The British government's position was unequivocal: there had to be regime change in Iraq. An
official government paper argued that 'Iraq will never be safe and stable, while she has an
army, until a real public pinion develops sufficiently strong to convince un scrupulous
politicians that any of them who use the army to seize power will be politically outlawed.'

The words are not Tony Blair's. The paper was written in 1941, when Britain was engaged in
the war against Nazi Germany. A precursor to Saddam, a nationalist called Rashid Ali, was
elected prime minister and began taking an anti-British and pro- German line. His claims
became more extravagant and he used oil as a weapon: if Britain wanted to continue to
benefit from Iraqi supplies it would have to promote the interests of the Arab population in
Palestine.

In a short and sharp campaign Rashid Ali was unseated and fled into exile. The use of British air
power demoralised his supporters and British and Indian land forces made short work of
securing the country and its vital oil stocks in the Mosul region. From the beginning of the
current crisis earlier this year a similar emphasis on the need for a regime change has been
played up by President George W Bush and his security and foreign affairs advisers, who have
used it as a mantra to underscore their determination to punish president Saddam Hussein and
to destroy his capacity for manufacturing weapons of mass destruction.

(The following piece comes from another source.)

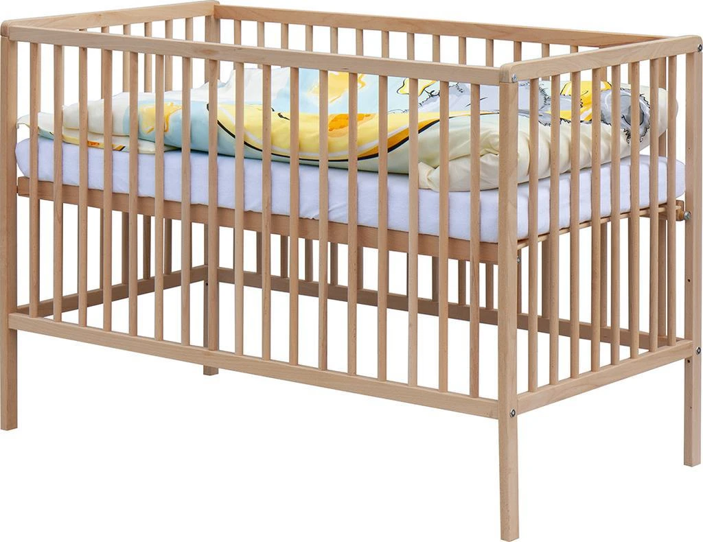 1. Dětská dřevěná postýlka 120 x 60 cm - přírodní, masiv borovice, 3 vyndavací příčky, 3 polohy roštu,

However, with Saddam deposed the way will be open to create a friendly government in
Baghdad, a client state that will be dependent on US support and give Washington a new
sphere of influence in the Middle East. Quite apart from the rich pickings to be gained from
Iraq's oil wealth, which the US Department of Energy puts at '112 billion barrels of proven
reserves along with 220 billion barrels of probable and possible resources' regime change could
help to realign Washington's strategic partnerships, not least with neighbouring Saudi Arabia,
increasingly seen as a loose cannon.

'In the longer term the US might be wise to extricate itself from its historic links with Saudi
Arabia,' says a US diplomatic source. 'Let's look at the matters as pragmatically as we can. The
Saudis have not been helpful to US interests in the war against terrorism, they will not offer
support in any attack on Iraq and it was Saudi money which helped to bankroll al-Qaeda.
They're not the friends they once were.'

American interest in Saudi Arabia dates back to the 1930s, when US oil companies began
exploiting the country's rich supplies. The arrangement laid the foundation for the post-war
settlement by five US companies -- Standard Oil (30%), Texaco (30%), Socal (30%) and
Socony-Vacuum (10%) -- to control production through the American Arabian Oil Company
(Aramco).

In a further carve-up Socal and Texaco controlled oil production in Bahrain while Kuwait's
supplies were divided between the US company Gulf and the British Anglo-Iran company, which
also managed production in Iran. At the same time Iraq was divided three ways amongst Anglo
Iran (British), Standard Oil and Socony-Vacuum (US) and Compagnie Francaise des Petroles
(France).

For everyone concerned it was a neat arrangement. The Western oil companies flourished, the
Arab countries' ruling families grew phenomenally rich from the royalties and the governments
of Britain, France and the US enjoyed the possession of vital spheres of influence in the Middle
East. There were blips, such as the overthrow of Iraq's Hashemite Royal family in 1958 and the
religious revolution that swept away the Shah of Persia from Iran in January 1979, but for the
bulk of their existence -- Iraq and Saudi Arabia are less than a century old -- control of oil has
meant control of power in the Middle East.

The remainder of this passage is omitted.